Cena do Crime: Mistério e Morte no Hotel Cecil é uma série documental da Netflix que vai contar a famosa história de Elisa Lam. A pobre jovem se hospedou no local e, dias depois, morreu misteriosamente, em um cenário que parece ser totalmente sem explicação. Veja este vídeo, com legendas, para conhecer o caso.
Acontece que este não é o único caso. O Cecil tem uma enorme fama de “ser assombrado”. Por mais que eu tenha várias ressalvas com questões sobrenaturais, há muitos relatos de coisas realmente ruins e reais que aconteceram no local, como serial killers que se hospedavam por lá e o próprio caso da morte da senhorita Lam.
No verbete da Wikipédia do Cecil há até mesmo uma lista de mortes e casos de violência que ocorreram dentro do hotel ou em suas cercanias. Por mais que o lado sobrenatural da coisa seja questionável, é preciso admitir que o lugar não tem a melhor das famas, por tanta coisa ruim somada que aconteceu por lá.
Assim, achei que este seria um bom momento para tentar contar sobre a minha própria experiência no Cecil. Sim, eu já me hospedei lá, em 2016, quando passei um belo de um perrengue.
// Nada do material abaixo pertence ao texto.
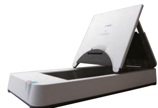
A4 Flatbed Scanner Unit 101
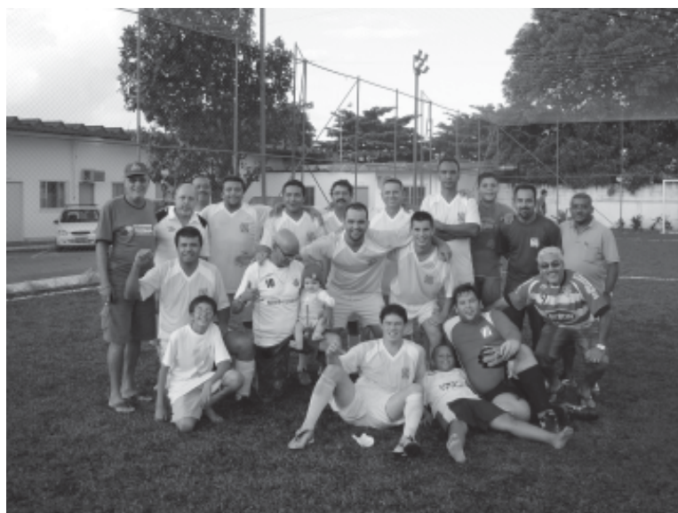
O Leão do Vale, formado por funcionários da Sabesp do Vale do Ribeira, foi o campeão do 2º Torneio de Futebol Society

Uma dessas ações foi o 2º Torneio de Futebol Society do Sintius, disputado na Associação Sabesp, na Ponta da Praia. Espírito esportivo e disposição não faltaram aos participantes.
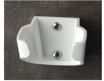
B2904037 Holder L ASA (UL 94 HB) traffic white RAL 9016
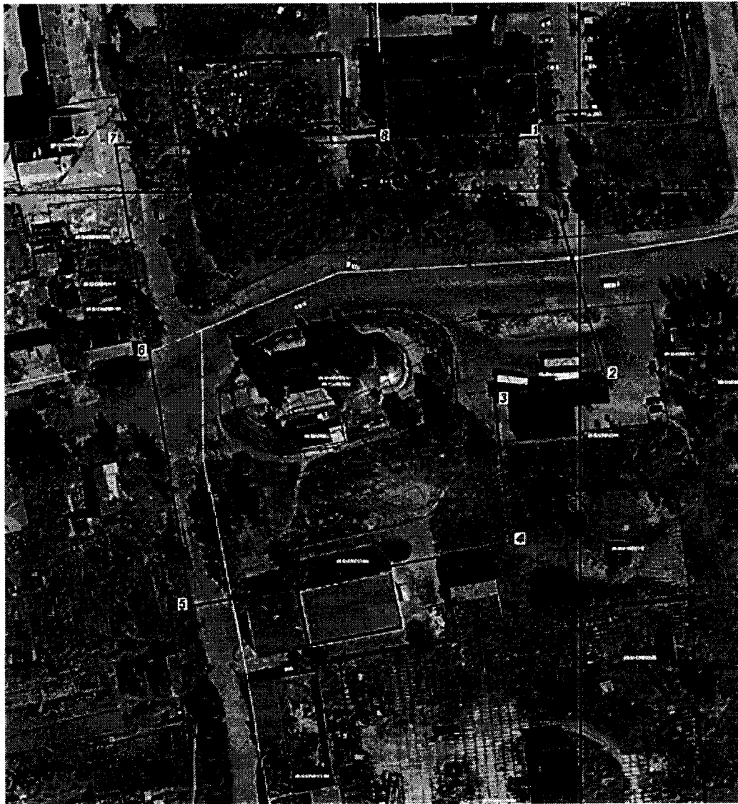
Схема границ защитной зоны объекта культурного наследия федерального значения «Ансамбль церкви Ильи Пророка», 1782 – 1804 гг., расположенного по адресу: Тверская область, Старицкий район г. Старица, ул. Володарского, д. 46
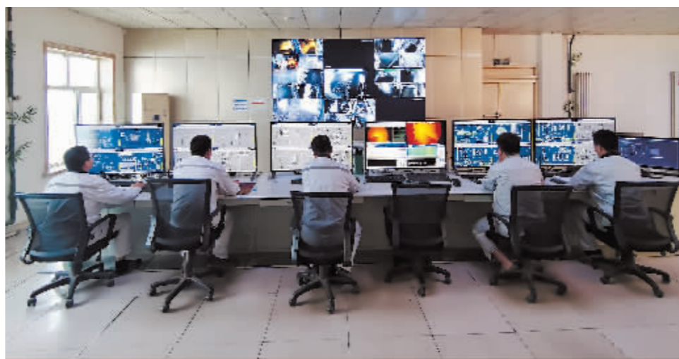
在中央控制室,技术人员通过电脑查看、操控设备。

今年年初,“宾州水泥”产值同比下降28.9%,增收收窄33.3个百分点。各级政府帮忙出主意、想办法,鼓励“宾州水泥”进行技术改造升级。(下转第五版)
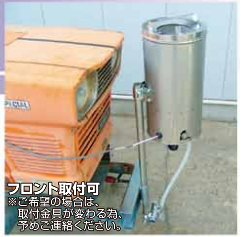
フロント取付可 ※ご希望の場合は、 取付金具が変わる為、 予めご連絡ください。
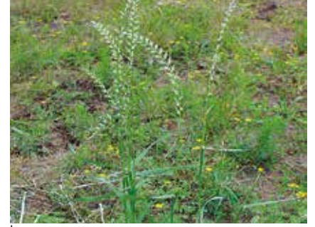
İngiliz çimi ( Lolium perenne )
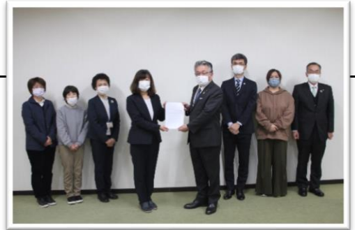
▲ 集中審議をいただいた検討委員の皆さんから答申を受けました

再来年、令和6年4月の開園を目指して、こども園・中学校建設推進室が建築に向けた詳細設計を進めていますが、教育委員会では、こども園での教育や保育にあたっての理念や方針の策定を行ってきました。今回は、この内容などについてご紹介します！
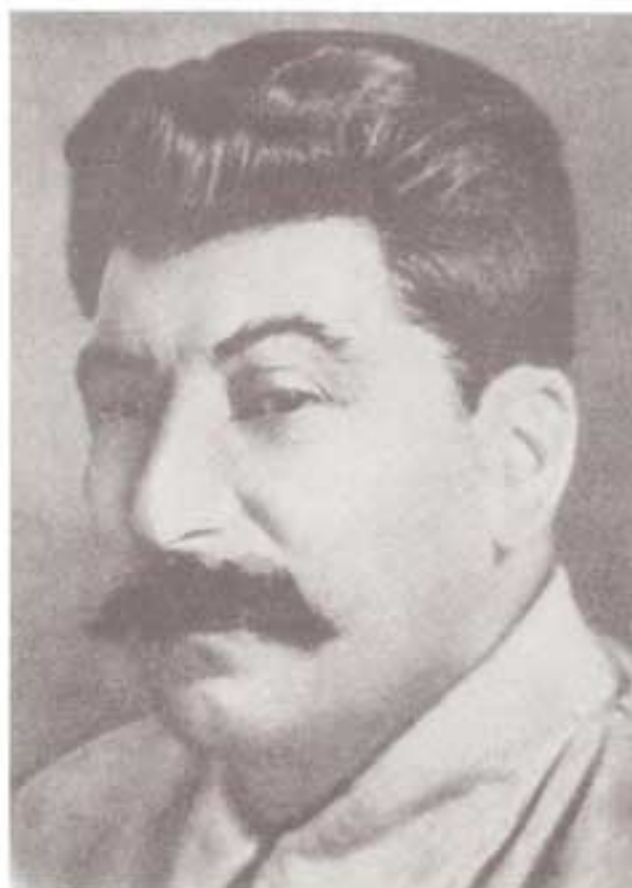
استالین، در سالهای توطئه و کشاکش برای پیروزی

É até bom que eu escreva e deixe registrado, pois as coisas somem da mente com o tempo e os detalhes se perdem, então aproveite enquanto divido, com o que ainda lembro sobre o ocorrido…
Preparativos da viagem
O ano era 2016 e eu ia, mais uma vez, cobrir a famosa “feira de games” E3 em Los Angeles. A feira era anual (em um tempo sem pandemia). Aquela seria minha terceira vez na cobertura do evento, pela segunda vez acompanhado de uma amiga na época, com quem não tenho mais contato.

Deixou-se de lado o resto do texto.